== TASK DIRECTIONS ==
Could you print the listing again exactly, omitting the pictures?

== SOURCE DATA ==
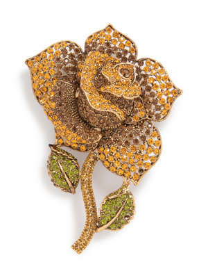 -One Blue and Green Rhinestone gold toned metal floral branch pin
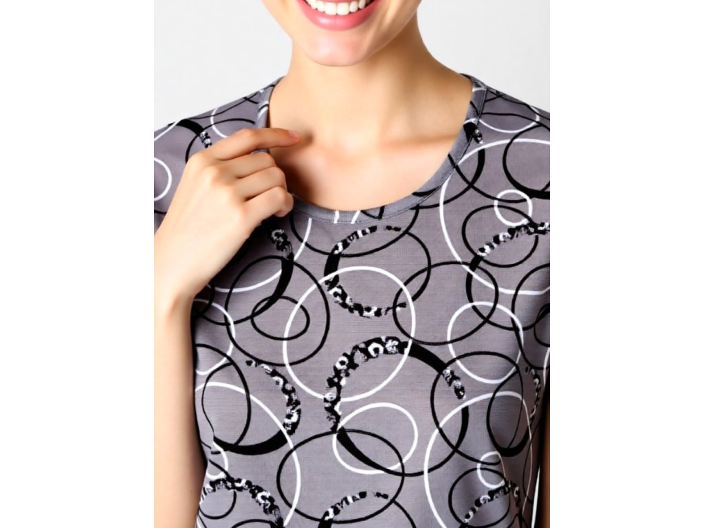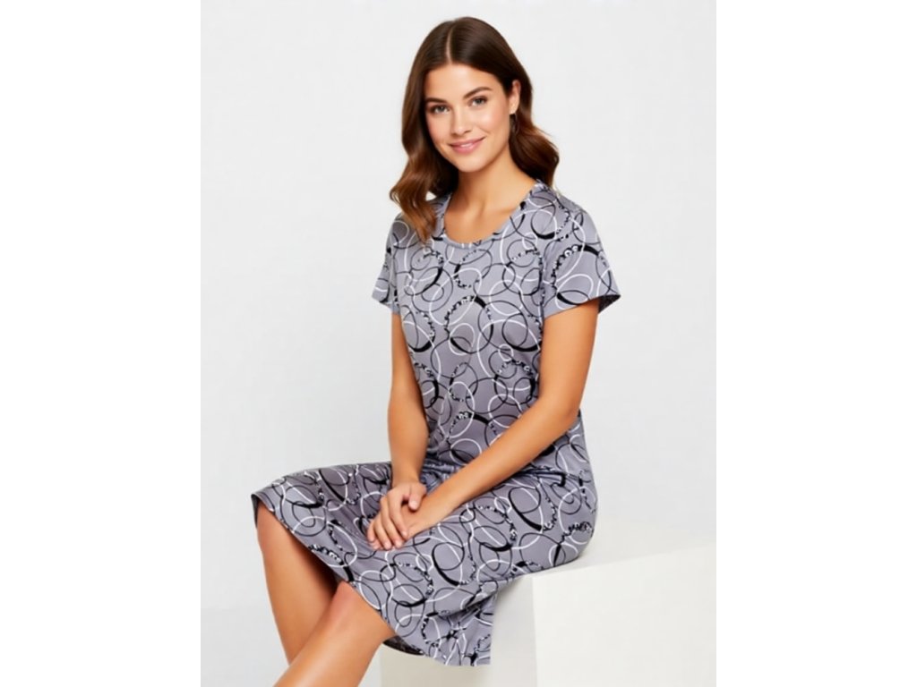 Dámská noční košile má výstřih do U. Rukávy jsou dlouhé.
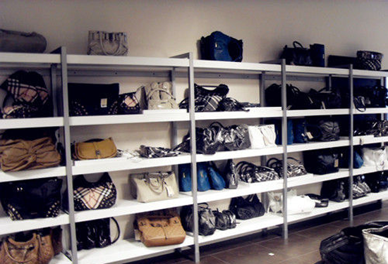 Burberry工廠店其實就是一個大倉庫,除了門口有結帳柜臺,走進去堆得滿坑滿谷的都是各式Burberry產品,有鞋子、風衣、襯衫、褲子、套裝、polo衫、T-shirt、襪子、皮帶、雨傘,各種樣式大大小小的包包,圍巾、絲巾、領帶,甚至還有枕頭、茶、餅干!
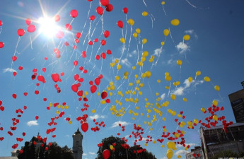 Представники влади та лучани запустили у небо 928 червоних та жовтих повітряних кульок у День міста
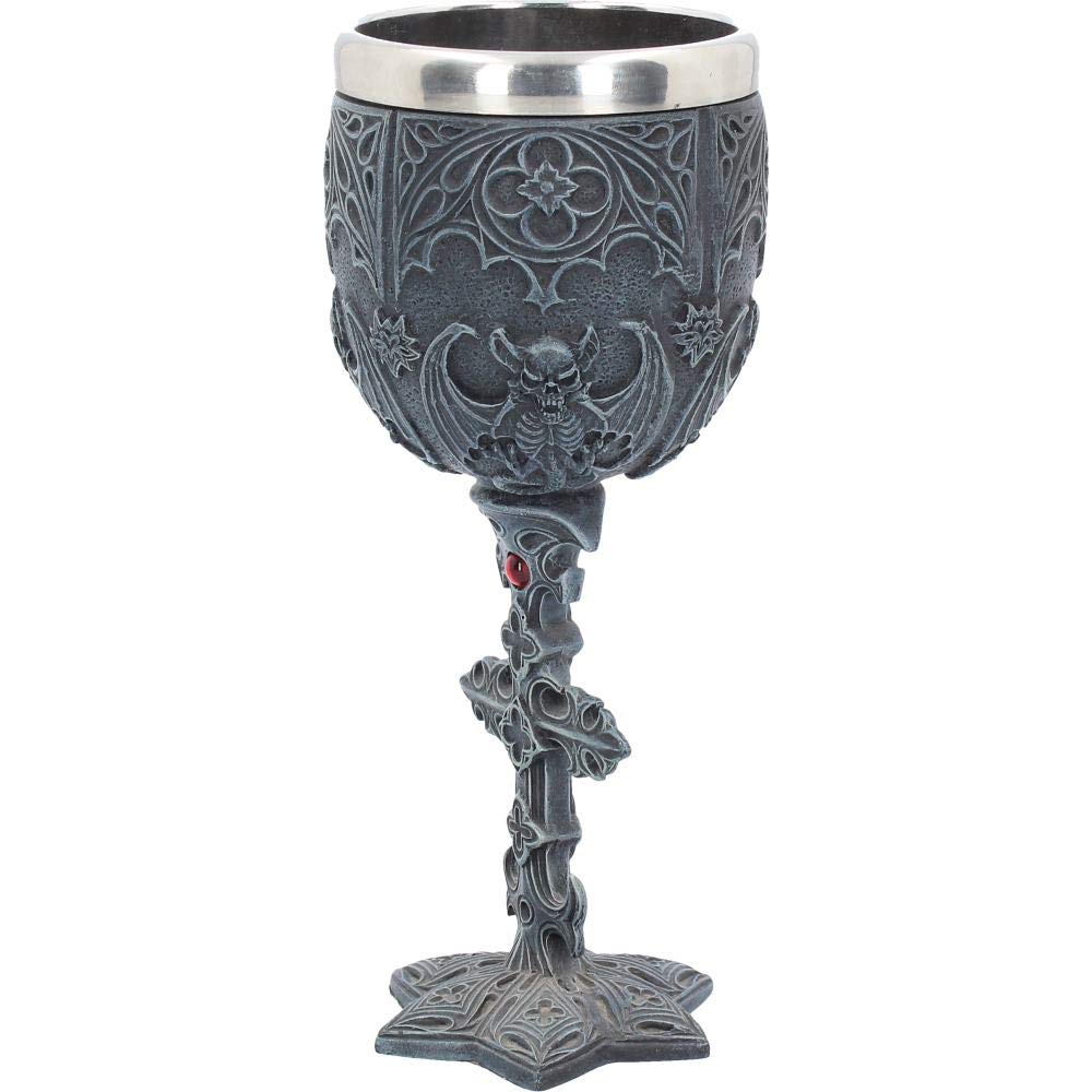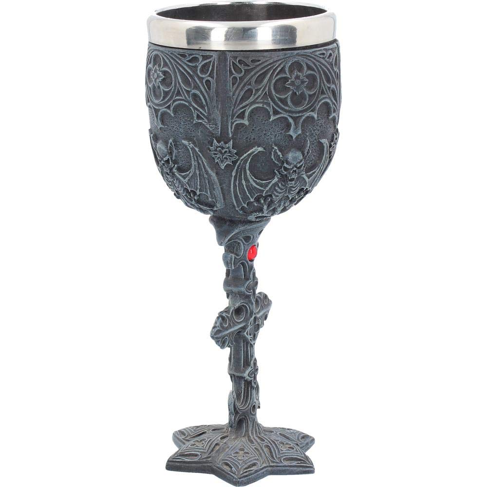 This Gothic goblet was created by alternative brand Nemesis Now's alternative giftware collection. The cup is adorned with large skeletal Vampire bats under cathedral-esque arches. The stem is formed from an ornate cross, whose patterns carry on to the base. A small red jewel is placed just below the cup to add a touch of romance. Cast in the finest resin before being painstakingly hand-painted, this goblet is perfect for anyone who has a passion for blood-sucking monsters.
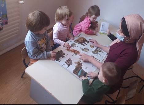 Цель: научить устанавливать простейшие связи между сезонными изменениями в природе и поведением животных, узнавать и называть их детёнышей.
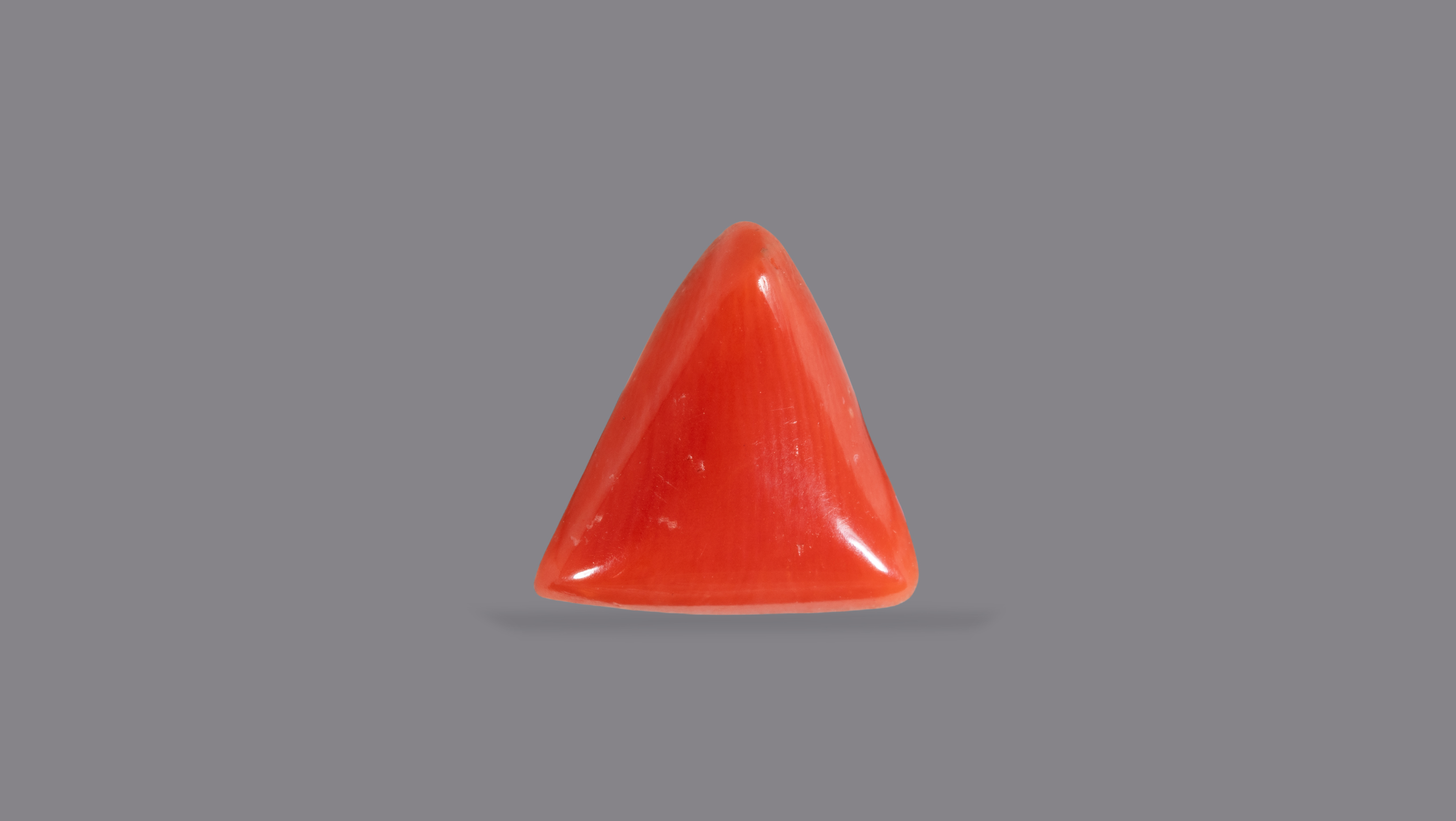 Buy 5.10 carats (5.60 Ratti) 100% natural Italian red coral (Moonga) stone online, directly imported from Italy (also called available"Italian Red Coral"). Moonga Stone is a source of enormous power & strength. Check out the exclusive inventory online all shapes (Triangular, Capsule & Oval) with a reputed IIGJ Certificate

== OUTPUT OF THE EXERCISE ==
 -One Blue and Green Rhinestone gold toned metal floral branch pin
 Dámská noční košile má výstřih do U. Rukávy jsou dlouhé.
 Burberry工廠店其實就是一個大倉庫,除了門口有結帳柜臺,走進去堆得滿坑滿谷的都是各式Burberry產品,有鞋子、風衣、襯衫、褲子、套裝、polo衫、T-shirt、襪子、皮帶、雨傘,各種樣式大大小小的包包,圍巾、絲巾、領帶,甚至還有枕頭、茶、餅干!
 Представники влади та лучани запустили у небо 928 червоних та жовтих повітряних кульок у День міста
 This Gothic goblet was created by alternative brand Nemesis Now's alternative giftware collection. The cup is adorned with large skeletal Vampire bats under cathedral-esque arches. The stem is formed from an ornate cross, whose patterns carry on to the base. A small red jewel is placed just below the cup to add a touch of romance. Cast in the finest resin before being painstakingly hand-painted, this goblet is perfect for anyone who has a passion for blood-sucking monsters.
 Цель: научить устанавливать простейшие связи между сезонными изменениями в природе и поведением животных, узнавать и называть их детёнышей.
 Buy 5.10 carats (5.60 Ratti) 100% natural Italian red coral (Moonga) stone online, directly imported from Italy (also called available"Italian Red Coral"). Moonga Stone is a source of enormous power & strength. Check out the exclusive inventory online all shapes (Triangular, Capsule & Oval) with a reputed IIGJ Certificate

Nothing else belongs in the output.